Сказка, мотив пути, герой, благодарный мертвец, иной мир, эрлик номин хан
Короткий адрес: https://sciup.org/149141342
IDR: 149141342 | DOI: 10.54770/20729316-2022-3-394
Текст научной статьи Мотив пути в калмыцких сказках на сюжетный тип АТ 508 "Благодарный мертвец"
Волшебная сказка повествует о представителях двух поколений: старшего и младшего. Зачастую родители отправляют детей для устранения недостачи / беды. В.Я. Пропп отмечал, что композиция волшебной сказки строится на пространственном перемещении героя [Пропп 2001, 36]. Именно в пути по мере движения, преодолевая преграды, герой сказки встречает чудесных помощников / дарителей, выполняет трудные задания и добывает себе невесту. Таким образом, герой проводит в пути большую часть времени.

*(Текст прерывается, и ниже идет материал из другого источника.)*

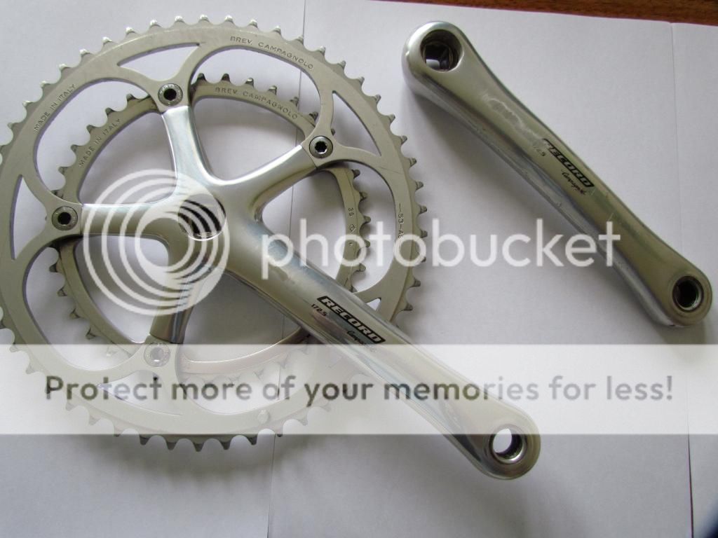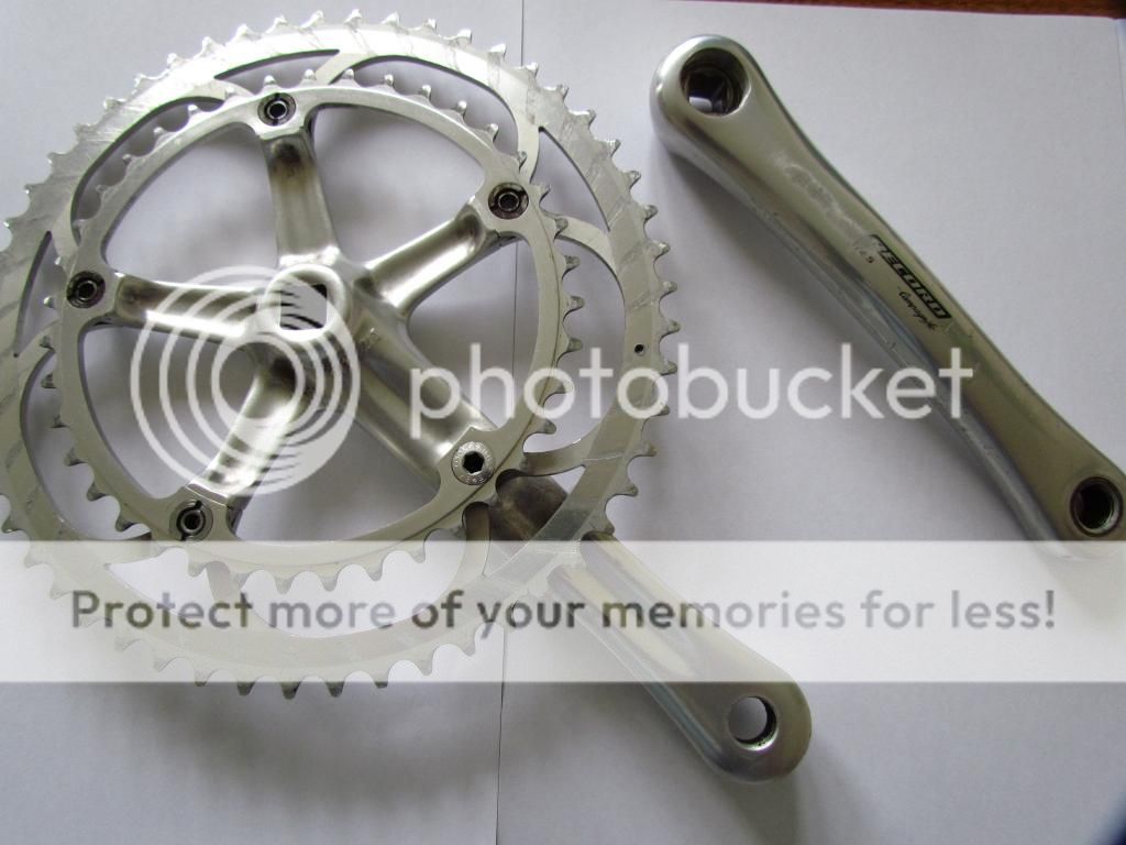 Campagnolo Record chainset & Bottom bracket,Chainset has usage marks but teeth don't show much wear I have used it on 9 & 10 spd setups without any problems,It has 53-39 rings & 172.5 cranks
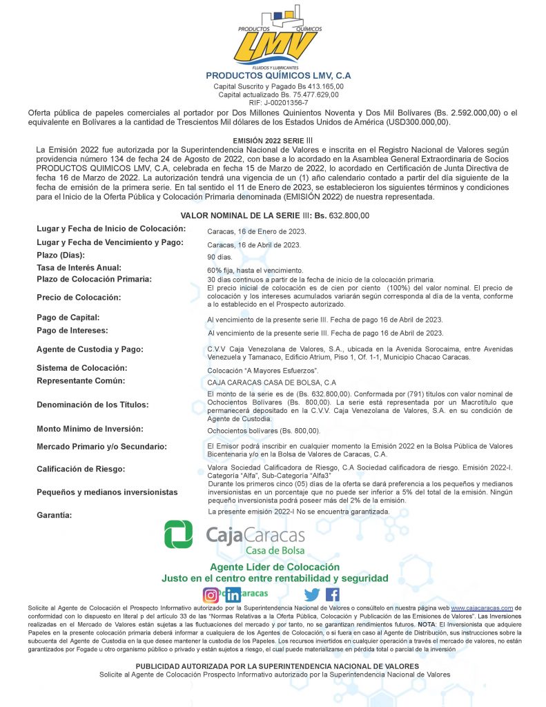 Los títulos para colocar son los correspondientes a la Serie III, de la Emisión 2022, de Papeles Comerciales al Portador, emitidos por la Empresa Emisora PRODUCTOS QUIMICOS L.M.V. C.A.
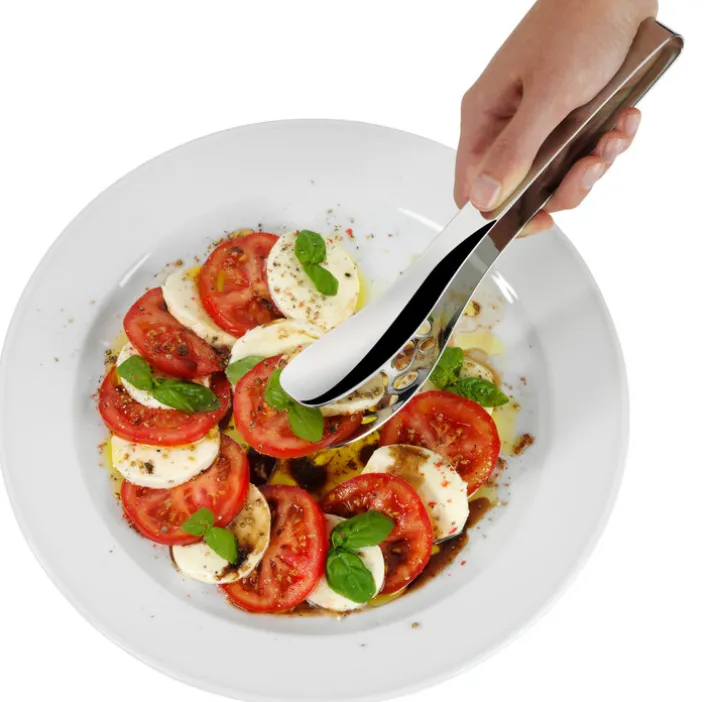 Mit der Servierzange NUOVA lässt sich Gästen auf ansprechende Weise auftischen. Mithilfe des Spezialbestecks können Salate, Nudeln oder Fleisch mit Leichtigkeit auf den Teller gehoben werden. Die miteinander verbundenen Griffe sind federnd, was zu einem optimalen Handling führt. Überschhüssiges Wasser, Fett oder Marinade kann durch die Löcher in der unteren Laffe abtropfen, sodass diese Flüssigkeiten nicht mitserviert werden müssen.
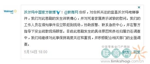 事后,沃爾瑪中國官方微博 私信聯(lián)商網(wǎng),詳情如下:
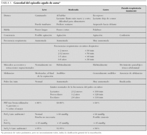 En la tabla 1 se establece un sistema de evaluación de la gravedad del episodio agudo de asma modificado de la GINA 6.

В калмыцкой фольклористике рассмотрен мотив пути с топонимом Алтай на материале эпоса монгольских народов [Дампилова, Хабунова, Чулуун 2018]. Исследован также мотив отправления героя, рожденного от

медведя, в сказочной традиции тюрко-монгольских народов [Хабунова, Чао Геджин 2019]. На основе песен Багацохуровского цикла калмыцкого героического эпоса «Джангар» изучен мотив преодоления водного пространства и преодоления пути посредством скачек [Убушиева 2011]. Мотив путешествия героя сказки по мирам описан на примере сюжета из репертуара сказителя Ш.В. Боктаева [Манджиева 2013]. Также описан путь и приключения эпического героя в нижнем мире на материале одной из песен Малодербетовского цикла «Джангара» [Манджиева 2021]. Эпическое изображение пути богатыря, отправившегося в боевой поход, представлено Б.Б. Манджиевой в статье «Мотивы в эпических песнях джан-гарчи Телтя Лиджиева» [Манджиева 2022]. Ц.Б. Селеевой на материале калмыцкого эпоса «Джангар» рассмотрены динамические и статические свойства пространства и времени и выявлен способ эпического восприятия универсальных категорий [Селеева 2011]. В сравнительном указателе эпических тем двух национальных версий эпоса «Джангар» ею же были выделены темы отправления в путь, преодоления пути, временной остановки в пути, встречи, отдыха и прибытия [Селеева 2013, 105-184].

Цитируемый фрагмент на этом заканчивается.